Start of Block

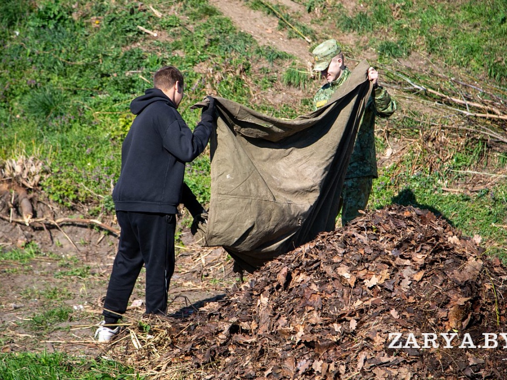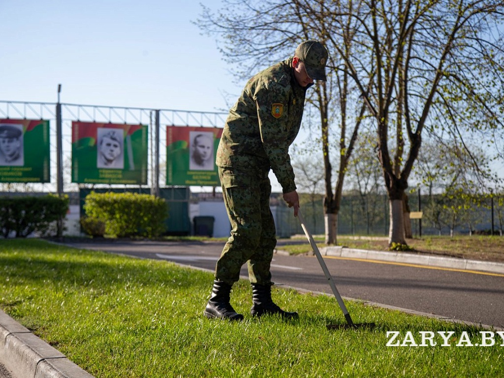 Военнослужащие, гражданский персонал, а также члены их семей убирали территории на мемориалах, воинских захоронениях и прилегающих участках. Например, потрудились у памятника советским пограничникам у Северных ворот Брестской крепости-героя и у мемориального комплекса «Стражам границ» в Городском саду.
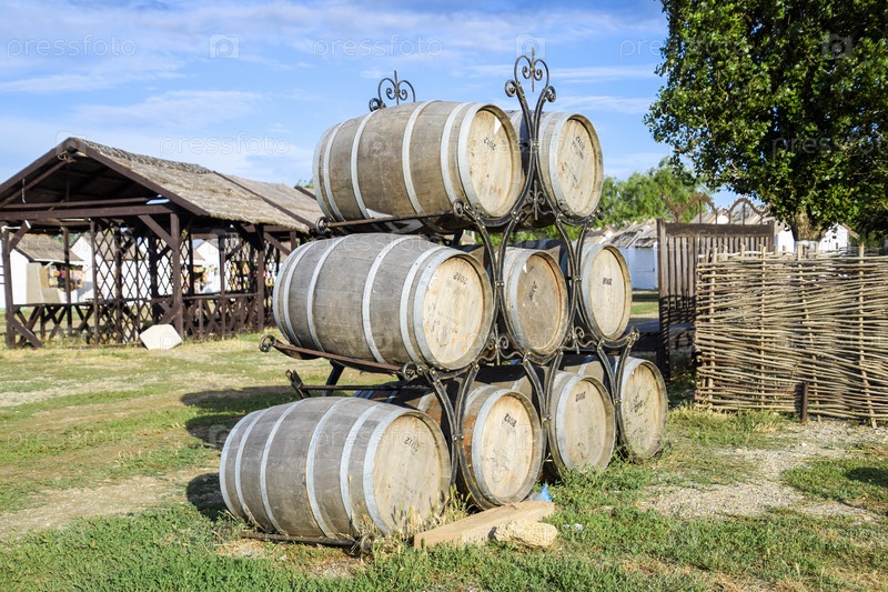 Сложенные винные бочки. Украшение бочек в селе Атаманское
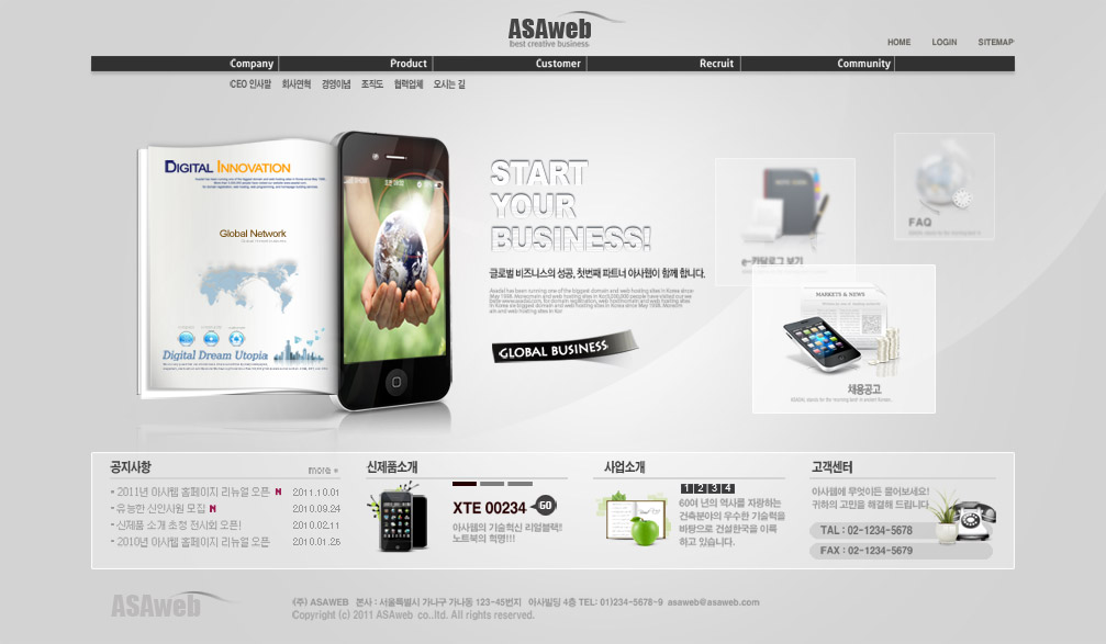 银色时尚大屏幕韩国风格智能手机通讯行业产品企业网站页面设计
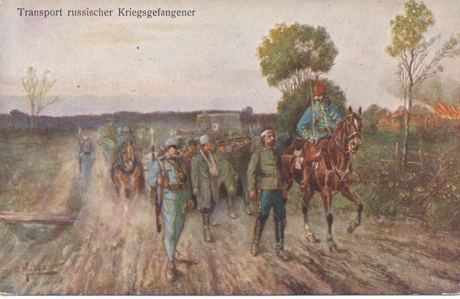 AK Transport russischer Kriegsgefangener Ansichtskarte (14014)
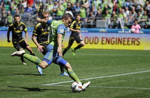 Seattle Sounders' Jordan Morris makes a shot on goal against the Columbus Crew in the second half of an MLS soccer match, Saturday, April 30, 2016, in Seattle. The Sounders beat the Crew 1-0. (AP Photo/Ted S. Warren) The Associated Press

End of Block

*Task to carry out*:
Pictures are not part of the copy. Output only the lines from the one with "银色时尚大屏幕韩国风格智能手机通讯行业产品企业网站页面设计" through the final line of the records, exactly as given.

*The answer*:
 银色时尚大屏幕韩国风格智能手机通讯行业产品企业网站页面设计
 AK Transport russischer Kriegsgefangener Ansichtskarte (14014)
 Seattle Sounders' Jordan Morris makes a shot on goal against the Columbus Crew in the second half of an MLS soccer match, Saturday, April 30, 2016, in Seattle. The Sounders beat the Crew 1-0. (AP Photo/Ted S. Warren) The Associated Press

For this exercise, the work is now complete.